I'm cheating a little bit on the last ingredient - pepper - in the name of entertainment. The pepper wasn't directly added, but instead, is included in the intended serving method - a pint glass where the rim is salted with tajin. Why, you ask?
Well, there's a beverage called a mangonada, which is itself delicious and combines mangoes with tajin and chamoy. But beyond that, some places serve beers in a way that's rather mangonada-inspired - for example, I've been to one restaurant that served a "loaded" beer - chamoy in the beer itself, and the rim salted in tajin. And this type of beer beverage was the inspiration for my recipe.
Unfortunately, friends who've tasted this think that the tajin-salted rim is so intense that it distracts from the braggot (which they really enjoy by itself), and doesn't add anything.

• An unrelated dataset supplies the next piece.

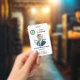 Um Crachá de identificação de pessoal profissional e moderno concebido para a identificação e segurança de funcionarios corporativos. Este crachá apresenta um layout retangular elegante com um design limpo e minimalista em uma paleta de cores corporativa. Código QR, localizado na parte inferior do crachá, verificável para acesso rápido a dados de funcionários, sistemas de presença ou credenciais digitais.
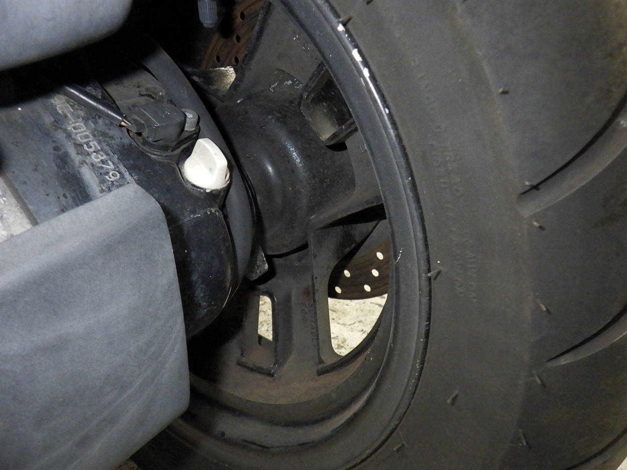 Задняя покрышка: Снижение давления в шине, Трещина требует замены.

Adding chamoy to the braggot is seemed slightly less distracting to them, but again, it didn't add anything in their opinion.
So my pepper implementation - as entertaining of an idea as I still think it was - sounds like it might've been a miss. But on the bright side, I'm pleased that it's easy to serve without the tajin, because everyone who's given me feedback so far thinks the base braggot came out fantastic.
11/27/2021 - more tasting
Some out of town friends visited and tried the braggot today. I didn't bother having them try the tajin or chamoy, since the initial tasting very strongly did not favor those additions. But the base braggot again received a glowing review!
I'm a little disappointed I didn't get the pepper in more successfully, since that was part of the challenge. But at the end of the day I made 3 gallons of this, and if I'm being honest I'll going to end up serving it the way my friends enjoy it - after all, is that not why we homebrew? To share something enjoyable with our friends and family?